Below is a list of the best companies listed on the Italian Stock Exchange in terms of dividend yield or, from a very family perspective, the yield generated by dividends divided by the stock price so far. It is a dividend that is either distributed in 2022 or approved in any case in 2022.
Dividends are known to be “fixed”, or rather, management tries not to reduce them so as not to transmit negative signals to the market, while it can slowly increase over time. Based on this statistical evidence, our dividend hunter knows that if Intesa San Paolo does not distribute the same dividend in 2023, it will be the end of the world in the markets. And he trusts this.
Here is the list of last Friday’s prices:
We have also published beta which is a risk indicator that tells us whether a stock is moving more than the market index (greater than 1) or less than the market index (less than 1). And if we scroll through the list that combines return and risk at a glance, we can come to unexpected conclusions, without compromising the premise that profits are really necessary (but we saw that the odds were in our favor).
For example, we can ask ourselves if it is really worth investing in Intesa San Paolo taking a 9.1 return with a beta 1.5 risk rather than going home with Banca Mediolanum for 9.26 taking a beta 1.26 risk.

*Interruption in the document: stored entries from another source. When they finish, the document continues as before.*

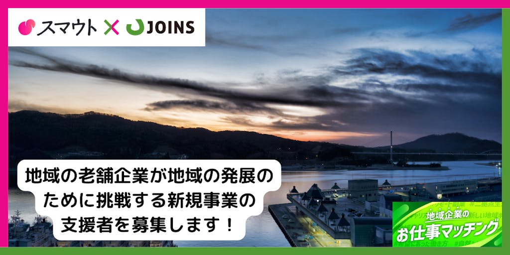 SMOUTの運営チームとタッグを組み、地域おこし協力隊やローカル起業に加わる地域で働く選択肢として、地域の企業への転職やリモート副業をサポートする「地域企業のお仕事マッチングサポート」を行っています。 https://lp.smout.jp/job-matching-joins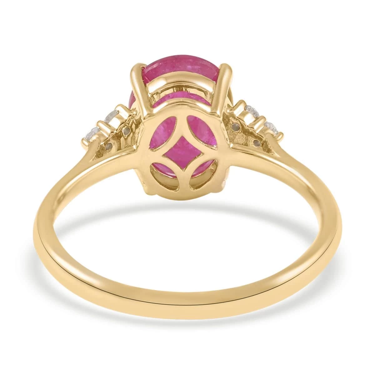 - METAL DETAILS: This ruby and diamond ring is crafted in 10K yellow gold. This is a popular choice for high-end jewelry due to its durability and resistance to tarnishing, making it an ideal choice for a ring that will be worn and treasured for years to come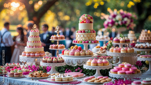 A beautifully arranged dessert table presents an assortment of cakes and sweets at an outdoor wedding reception.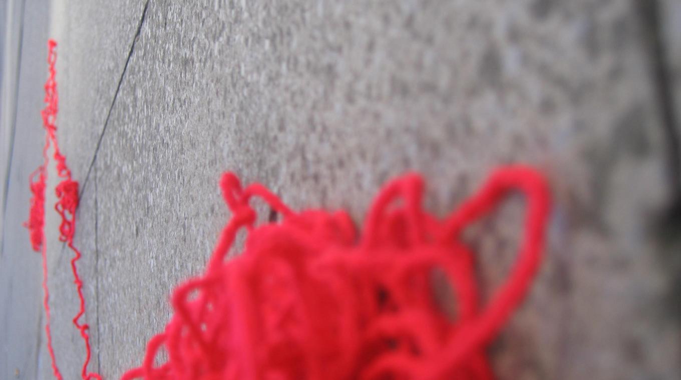In this video and performance installation, Juliet Ellis walks through the streets of a city mapping out her journey, leaving a footprint, a singular action, unplanned traces. A performance existing through the mapping of memories and time, using places as a point of departure. Surrounded by sublime repeated images of a city, the audience are invited to unravel her knitted dress. Juliet has collaborated with Graham Clayton-Chance to create the stunning visuals for hidden thread.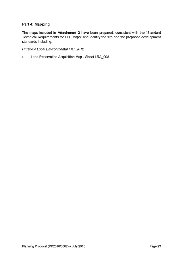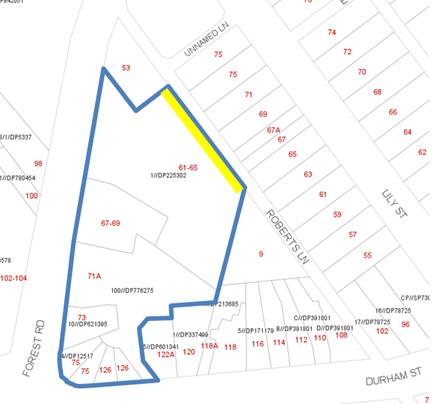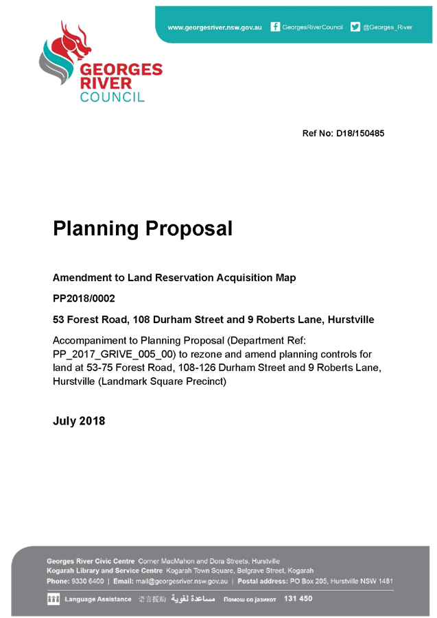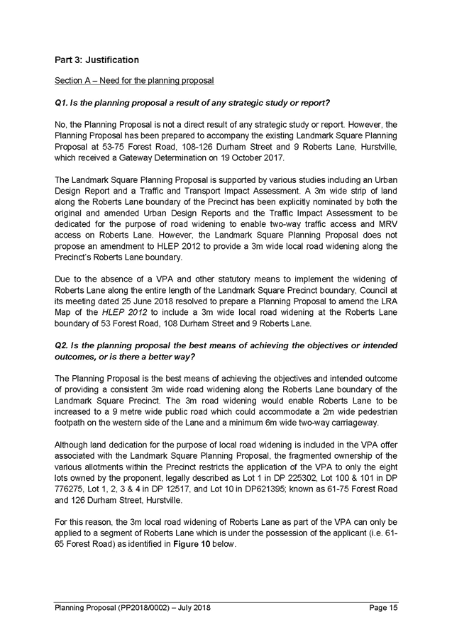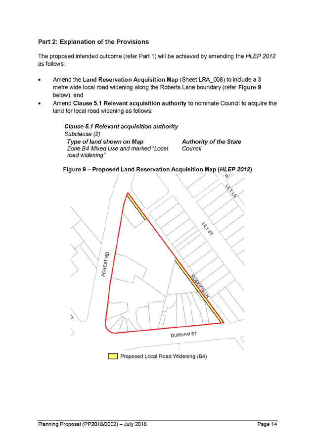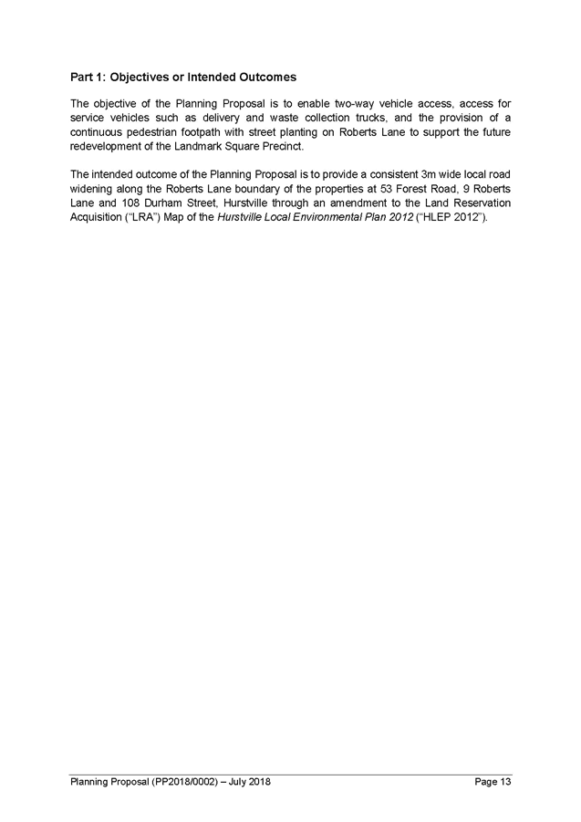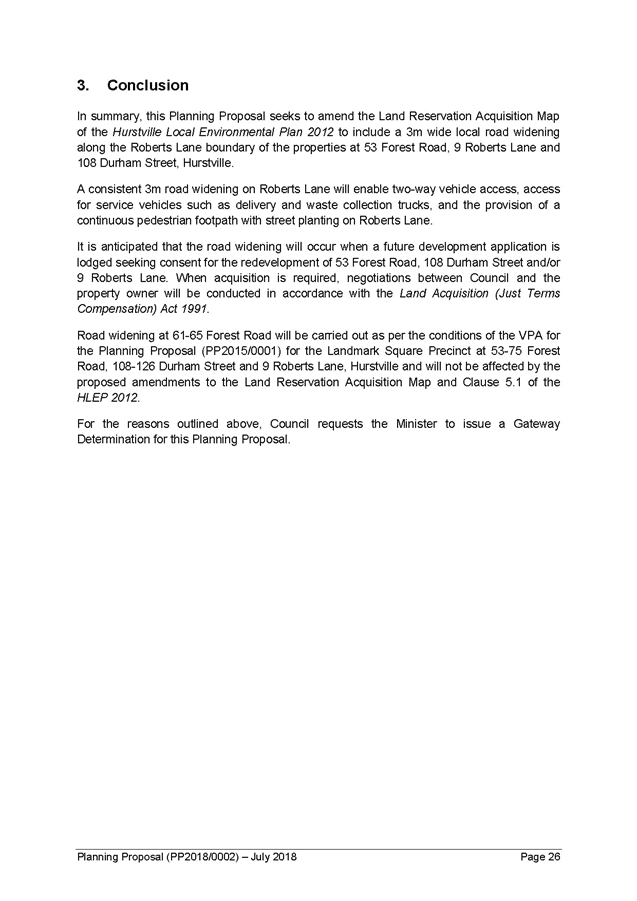 75. In summary, this Planning Proposal seeks to amend the Land Reservation Acquisition Map of the Hurstville Local Environmental Plan 2012 to include a 3m wide local road widening along the Roberts Lane boundary of the properties at 53 Forest Road, 9 Roberts Lane and 108 Durham Street, Hurstville.

The question seems completely silly and impossible to answer. But if in fact, by downloading the data from any basic analysis platform, we make the relationship between the dividend yield and the beta, we get a completely different view of the market that greatly helps us in our decision:
At this point in the ranking column, you can see that if we order it from highest to lowest (i.e. the return is a multiple of risk), we find that the cheapest Italian stake is Unipol SAI because the return in absolute terms is probably lower than that of Intesa. But for the beta risk we pay to buy it, it’s really cheap.
RCS and Enel stocks follow in descending order while our Intesa San Paolo sank among the latest comfort ratios.

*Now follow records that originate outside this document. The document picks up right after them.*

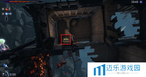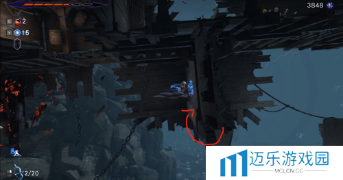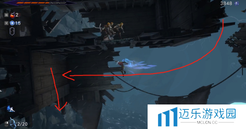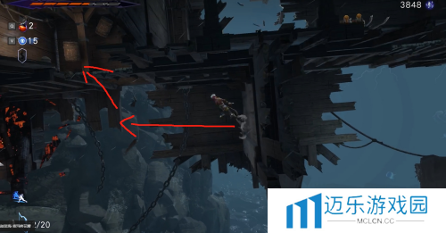 4、更新完回溯点后,可以飞跃到左下方的木墙上,随即慢慢往下滑动。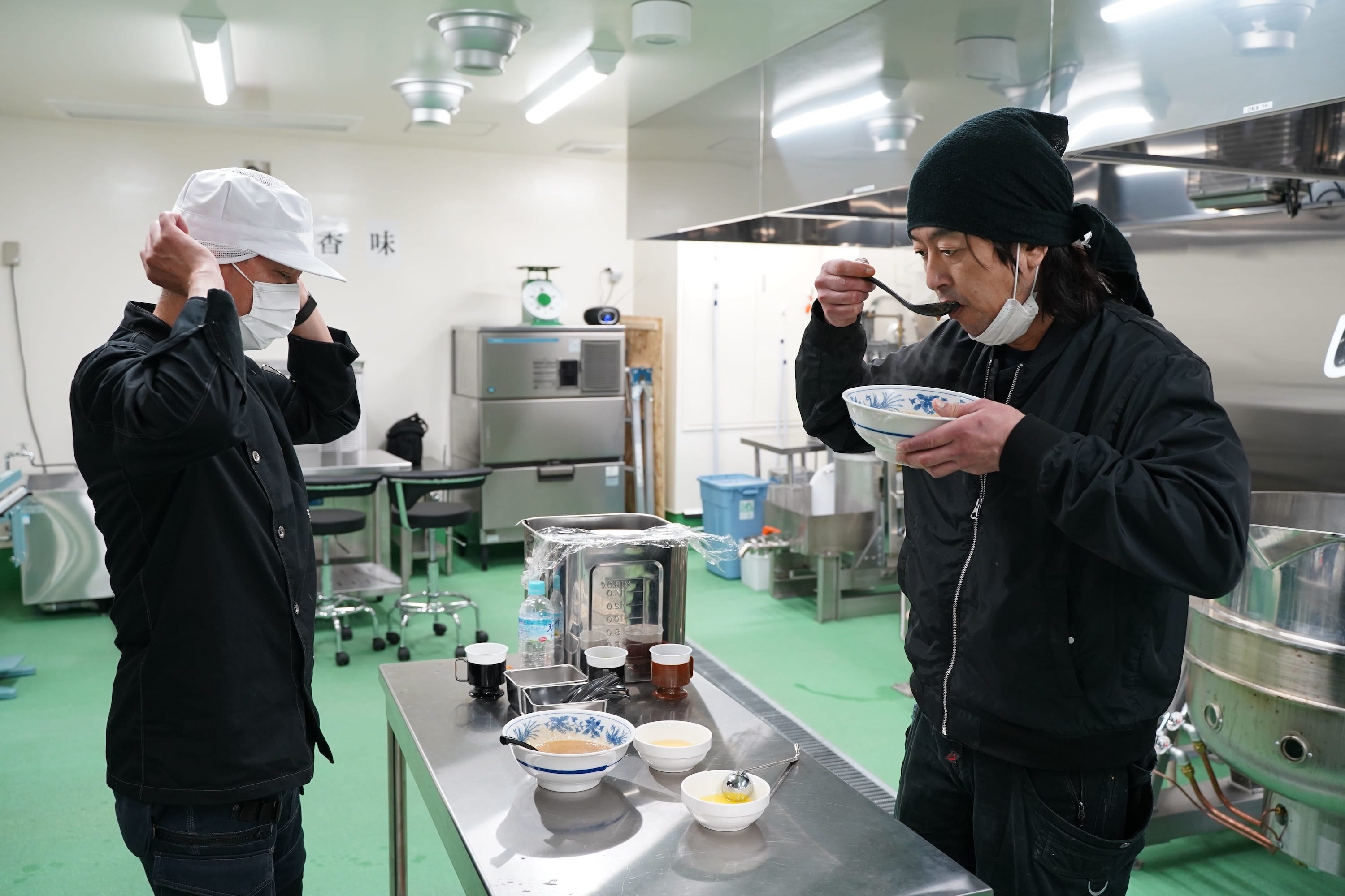 【写真1】品質チェックの様子。左:クラウドキッチン事業部部長 高田也人、右:『濃麺海月』店主 北村裕之氏
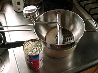 この間の日曜日に、たまたま見ていたフジテレビの 『あつあつボンジュール』 ( ミニ番組の中。8月29日のキッチンの大発明を参照)という番組でこの器具が紹介されていた。見たとたんに、あ〜これだ!と思い出した。何年か前にWOWOWでイタリア料理の番組があったのだが、そこで『SALVATORE』のシェフのSalvatore Cuomoさんがトマトソースを作るのに使っていたのだ。そのときは業務用の器具でイタリアでしか買えないだろうと思っていたが、フランスでは一般の家庭でも持っていて色々な野菜をゆでてそのまま濾してスープを作るのに使ってると言っていた。 名前がわからなかったので検索してみたら『ムーラン』といわれていることが判明した。そしてネットで買えるところもある。あちこち比べてみて購入することにした。 ムーランというとムーランルージュを思い出すがムーランは粉引き機のこと。 正式にはMoulin a legumes(ムーラン・ア・レギューム) ・・・Moulin(挽く) a(を) legumes(野菜) イタリア語だと passaverdura (パッサヴェルドゥラ) ・・・passa(通す、濾す) verdura(野菜) 届いて、早速使ってみた。まずはトマトソース。写真のようにおなべに重ねてのせる。そしてトマトの水煮缶を開け、ハンドルをまわすと、トマトがつぶされて下の鍋に落ちていく。3種類の大きさの目がついているのでより滑らかにしたいときは小さい目を使う。 今まではトマトを鍋に入れて手でぎゅっと握ってつぶしていた。それでも少し煮込んでいると形が崩れてくるので大丈夫なのだが、ムーランを使うととても簡単。それに手でつぶすとときどき指の間からトマトジュースが飛び出してびっくり!ということもあるのでかなりよさそうだ。 形はなくなっているのでさっと煮てペンネ・アラビアータにしてみた。あまり煮込まないのでフレッシュな感じでおいしい。 あつあつボンジュールでやっていた野菜スープもとてもおいしそうだったので今度作ってみよう。 ただ、想像していたよりは大きめでだったのでミニでもよかったかも。4人家族だったら小でちょうどいいかもしれない。 |

This is why knowing where to put your hands inside an excel sheet like this allows you to choose the best without being deceived by what your financial analysts say.
Making the decision on your own is the best solution because only in this case do you know how to consciously weigh the risks and returns. A few minutes a week is enough, a professional platform is enough for a few hundred euros and the game is over.
In my free webinar next Wednesday, July 27th at 5.30pm, I will try to explain this concept better by showing examples of selection in stocks, mutual funds, and bonds.
To register for free and without obligation to the webinar, click here >>
Regarding the last table with the order of the ratio between dividend yield and risk, we note one thing: the Endesa ratio is 18 while the San Paulo ratio is 6, so the ratio ratio (no pun) is three times in favor of Endesa. In other words, buying an Endesa is worth three times as much as buying an Endesa.
This result, which may sound absurd but the numbers speak for themselves, would not have been achieved if we had not built a return/risk table in 2 seconds.
We’re not saying that readers should throw themselves headlong into buying Endesa and selling San Paolo Invest. We say rankings of financial stocks helps with asking the right questions. If we don’t ask ourselves the right questions, we won’t be able to give ourselves the right answers. This is the message that needs to be communicated to the reader and this is what we will talk about in our free webinar.
“Infuriatingly humble alcohol fanatic. Unapologetic beer practitioner. Analyst.”